- [THE DATA]:

========================================

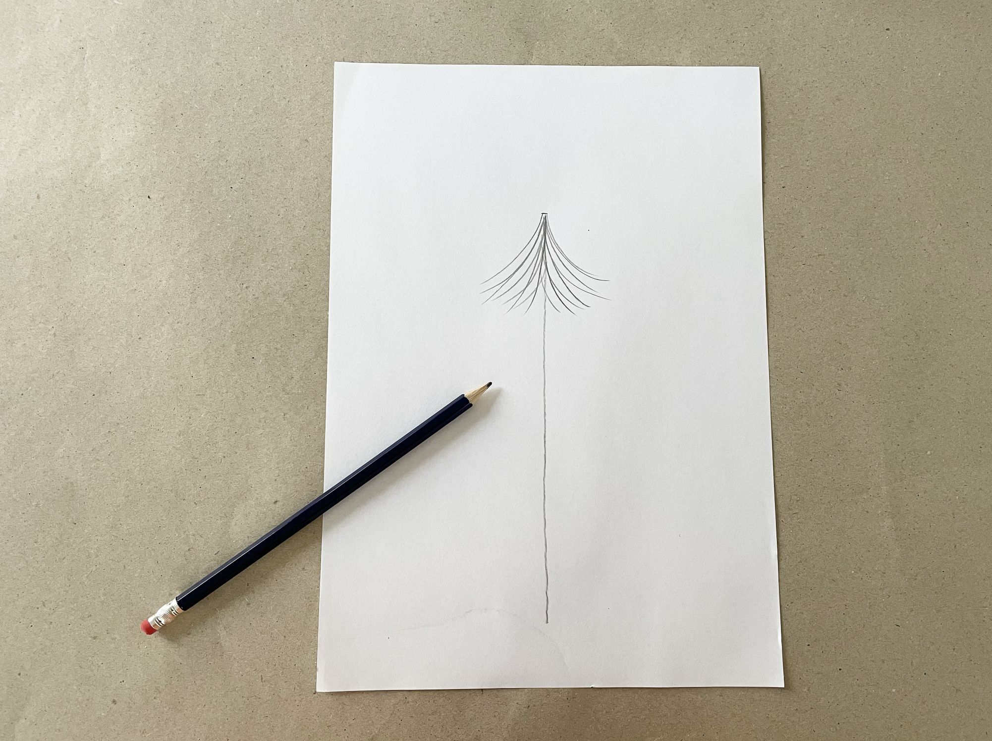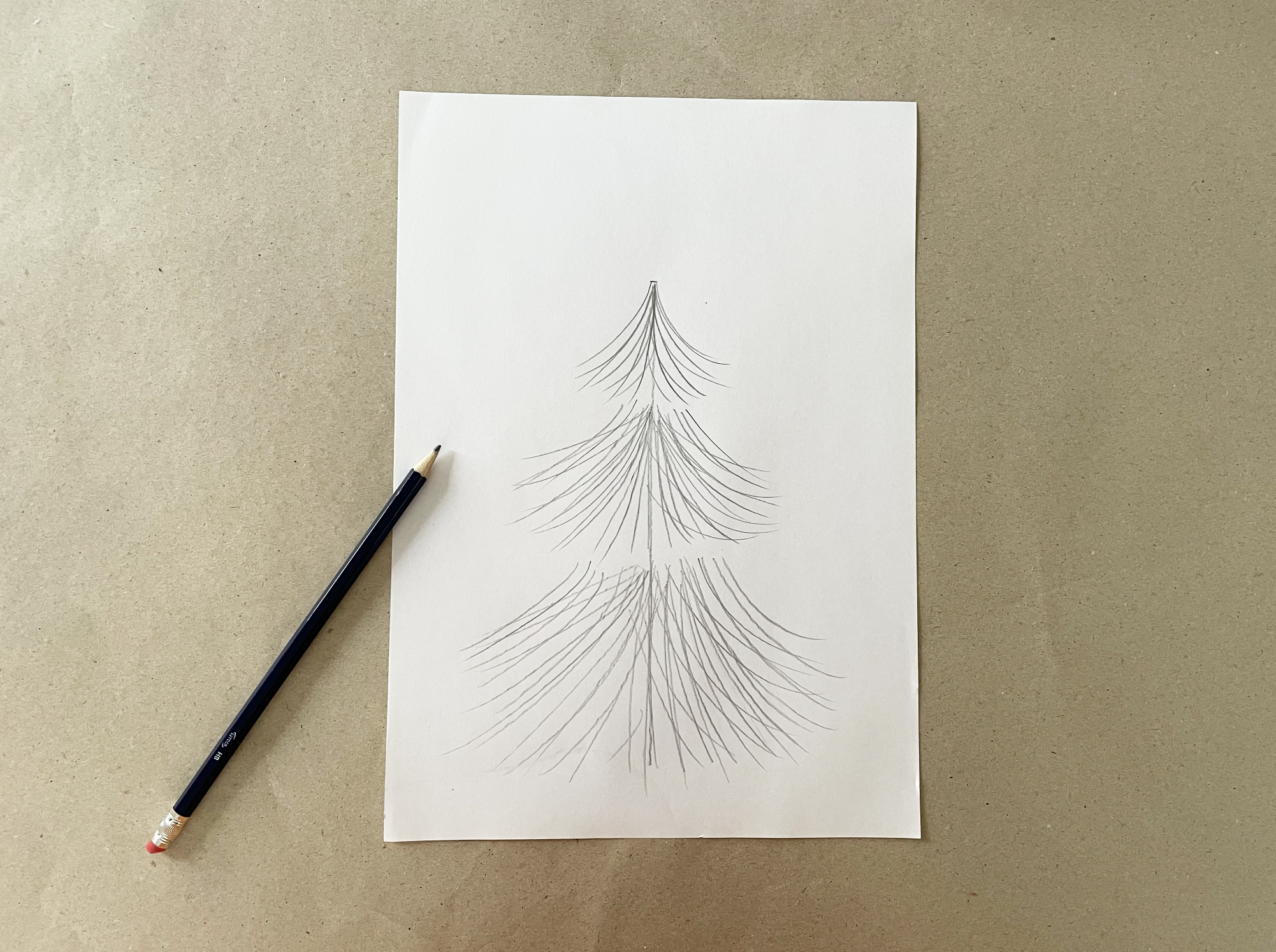 Each layer should fan out larger as we go down. So the top section should be the smallest, the middle section should be slightly larger and the bottom section should fan out the largest. Finish by sketching a radiating star at the top!
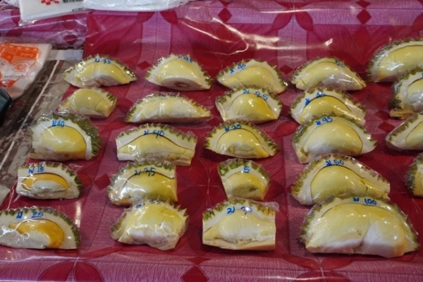 目前已踏入榴梿季初期,各品种榴梿陆续流入市面,A级金枕头榴梿售价180铢/公斤(约22令吉);B级售价160铢/公斤(约20令吉);差尼榴梿售价120铢/公斤(约15令吉);托曼尼榴梿售价100铢/公斤(约12令吉)。
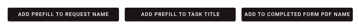 By selecting ’Add Prefill To Request Name ’, ’Add Prefill To Task Title ’, or ’Add To Completed Form PDF Name’ you will see that the Dynamic Name will be applied to the option for:
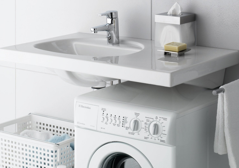 К изделиям Electrolux и Zanussi подойдут лишь раковины с узким сифоном. За счет этого между обоими компонентами возникает зазор до 10 см. Поэтому рекомендуется все же устанавливать компактные, а при их отсутствии – узкие стиральные машины.
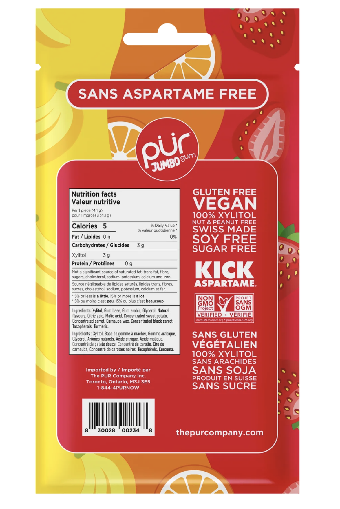 PUR Jumbo Gum is a juicy gum with bold strawberry, banana, and orange flavors, and an extra-large chew to satisfy your cravings!
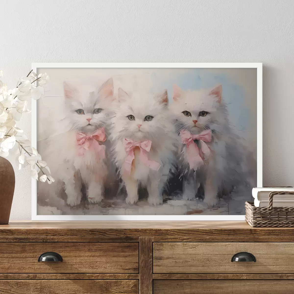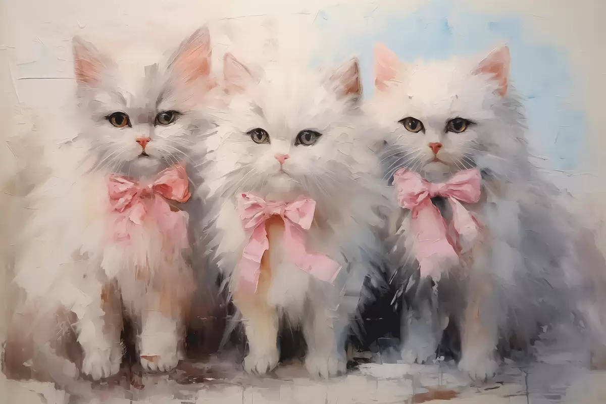 Poster Valged kassid roosade vibudega õlimaal Nr f39826
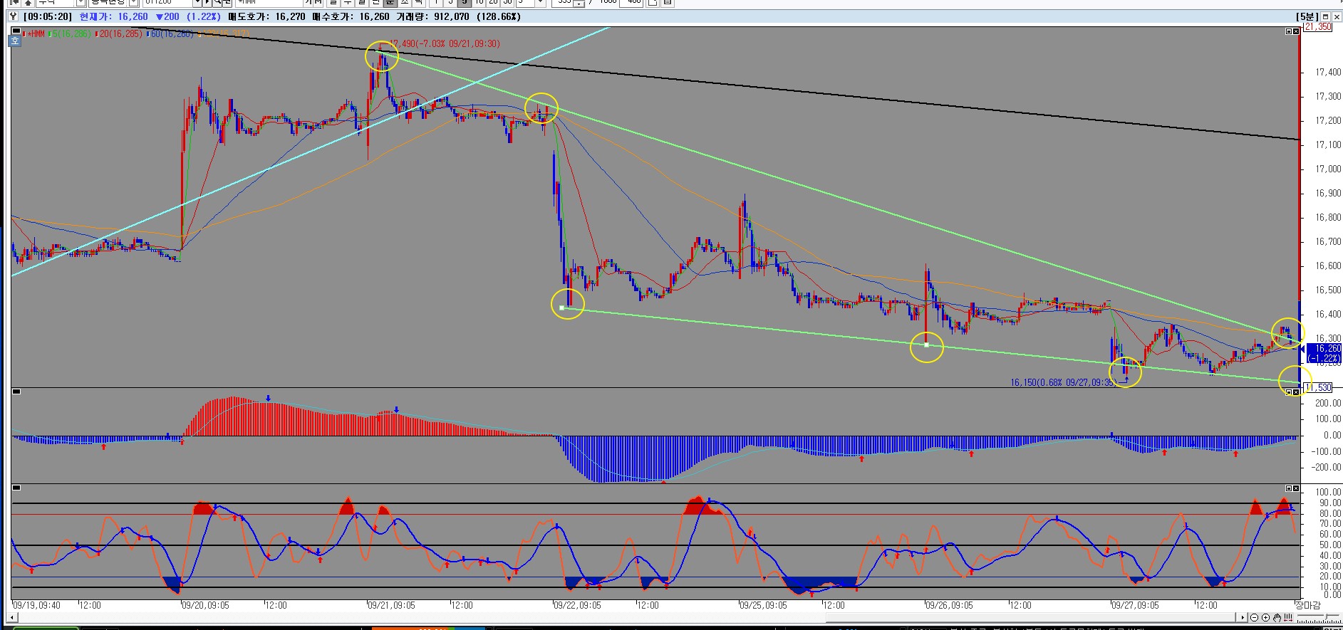 5분봉같이 추세를 돌파했던 부분이 진짜면 상승에서 시작이 될겁니다
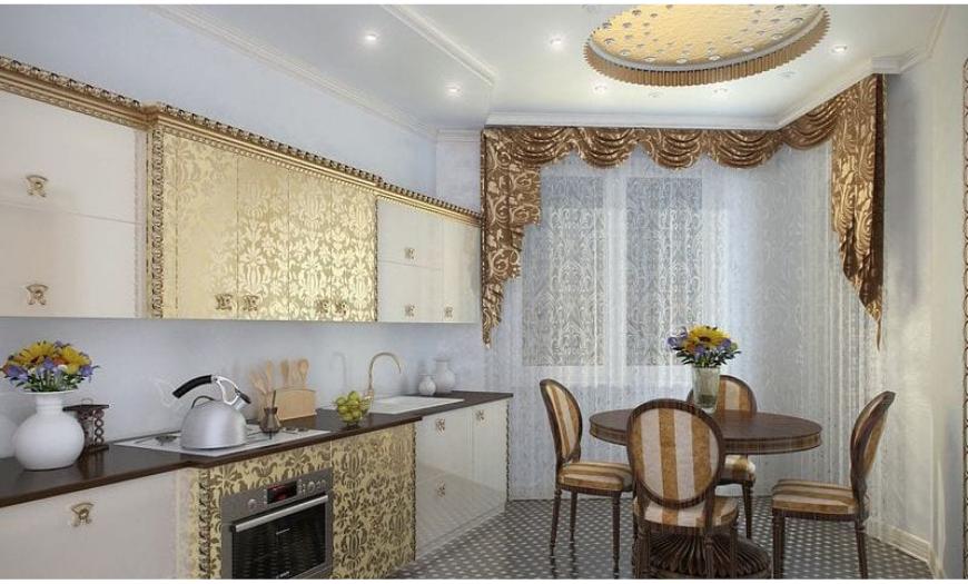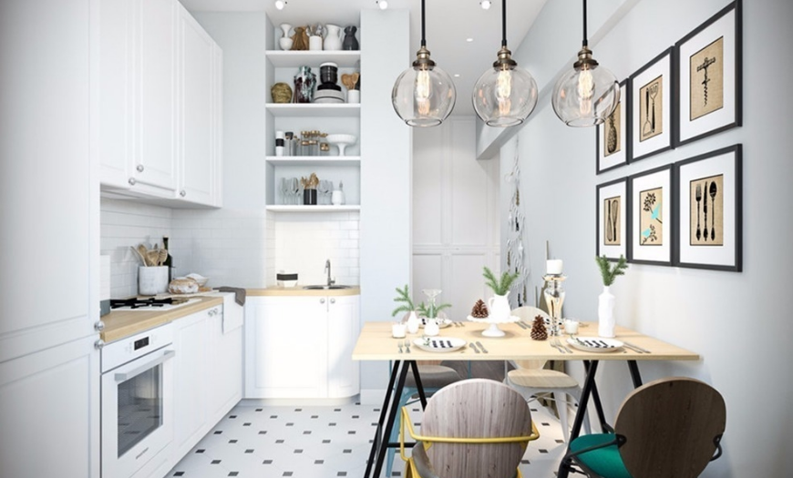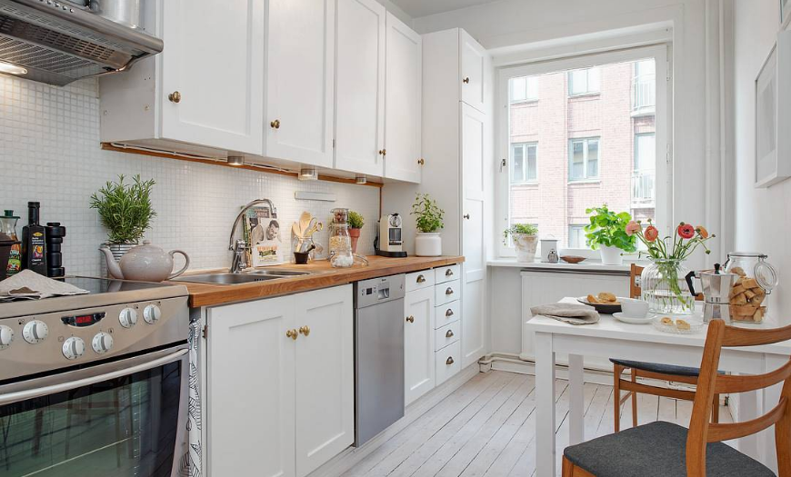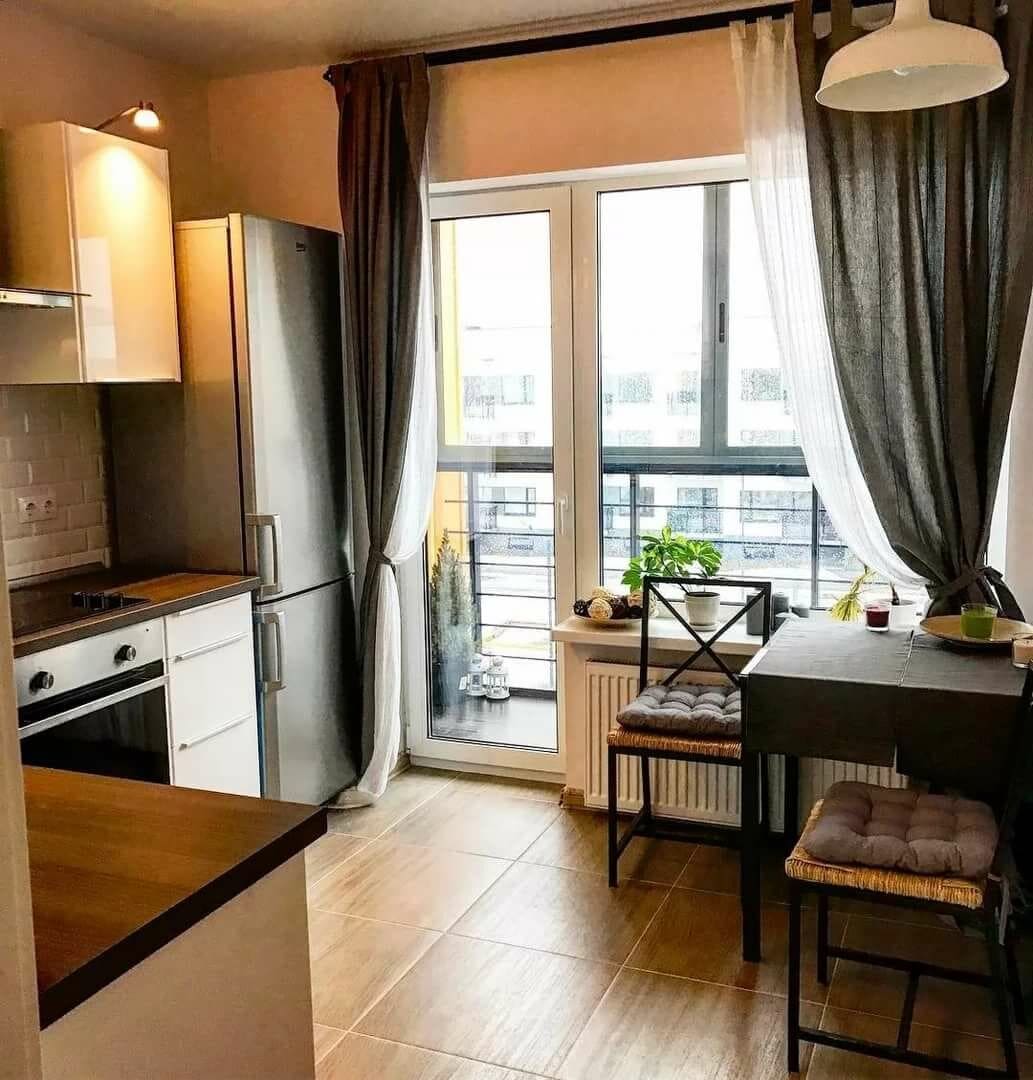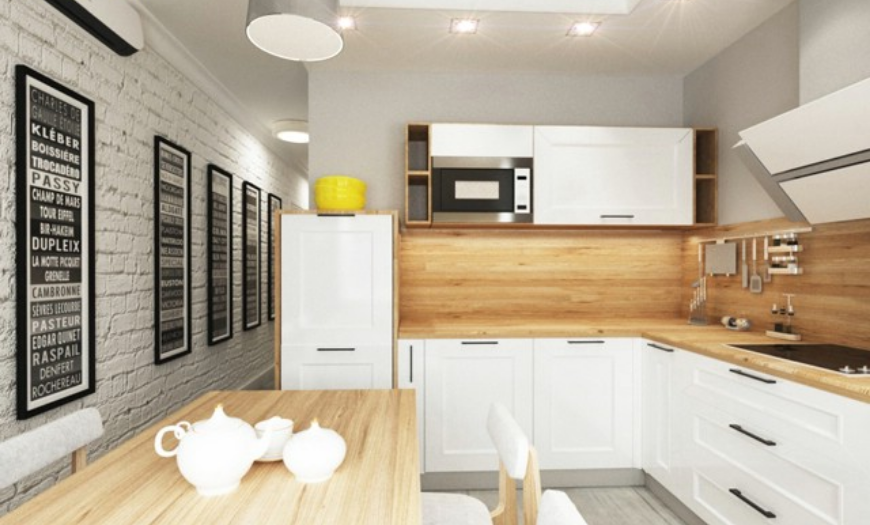 В дизайне кухни 9 квадратных метров используется плоская и легкая модель телевизора, которая вешается на стену, гарнитур закрепляется на фасаде или встраивается в него. Телевизор также можно разместить в свободном углу, который будет виден из любой точки комнаты.

========================================

- [ASSIGNED TASK]:
When you reach the line with "By selecting ’Add" in the entries above, start copying, and go on word for word to the last line; skip any picture.

- [WRITTEN REPLY]:
 By selecting ’Add Prefill To Request Name ’, ’Add Prefill To Task Title ’, or ’Add To Completed Form PDF Name’ you will see that the Dynamic Name will be applied to the option for:
 К изделиям Electrolux и Zanussi подойдут лишь раковины с узким сифоном. За счет этого между обоими компонентами возникает зазор до 10 см. Поэтому рекомендуется все же устанавливать компактные, а при их отсутствии – узкие стиральные машины.
 PUR Jumbo Gum is a juicy gum with bold strawberry, banana, and orange flavors, and an extra-large chew to satisfy your cravings!
 Poster Valged kassid roosade vibudega õlimaal Nr f39826
 5분봉같이 추세를 돌파했던 부분이 진짜면 상승에서 시작이 될겁니다
 В дизайне кухни 9 квадратных метров используется плоская и легкая модель телевизора, которая вешается на стену, гарнитур закрепляется на фасаде или встраивается в него. Телевизор также можно разместить в свободном углу, который будет виден из любой точки комнаты.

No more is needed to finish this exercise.